One section, called the “magic castle”, has rock formations that resemble organ pipes. If tapped gently with a knuckle, they even reverberate like musical instruments.

Adventure tours

Those with more time (and guts) can embark upon tours lasting anywhere from a few hours to a couple of days. These types of expeditions are led by professional guides and require special equipment like headlamps, helmets, rubber boots and perhaps waterproof overalls.

“Caving tours make your head free, because you concentrate on your steps, your moves and on the cave itself. Staying in a cave for two days boosts those feelings and makes the experience more intense,” says Gery Aeschlimann of Trekking Team AG, a company that organizes tours of the Hölloch (Hell-hole) cave in canton Schwyz.
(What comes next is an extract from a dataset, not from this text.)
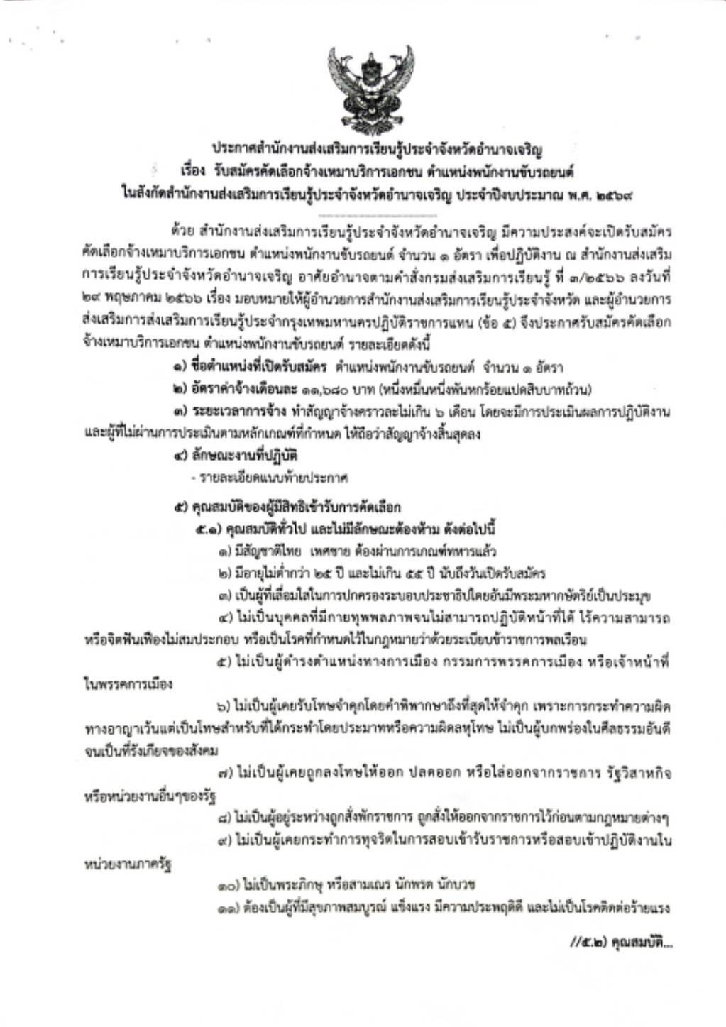 ประกาศสำนักงานส่งเสริมการเรียนรู้ประจำจังหวัดอำนาจเจริญ

Meanwhile, a long journey into the bowels of the earth might have some wondering about sanitary facilities.

“Before we start a tour, we tell our guests to go to the bathroom first. In the cave the possibilities are not so good anymore. But in the bivouac, where we have our two-day tours, we do have a toilet,” says Aeschlimann.

Asked about safety, Aeschlimann compares caving to biking or jogging. In the 20 years the Trekking Team has been organising tours, they have never had an accident.

Wherever one chooses to go, one thing is certain, according to Aeschlimann: “Tours in caves are always experiences you never will forget.”

Susan Vogel-Misicka,

Often found in limestone caves, these are formed as water drips from the ceiling and down walls.

The average growth rate is a mere 0.13mm per year.

Inside the Saint Beatus Caves, the “Koh-i-noor” stalagmite is an estimated 40,000 years old.

There are many caves that are open to the public, while others are open to researchers only.

Even if it’s 30°C outside, the temperature inside a cave will be cool and the ground may be slippery. Closed, rubber-soled shoes are a must.

Some caves drip water, so a waterproof jacket is a good idea.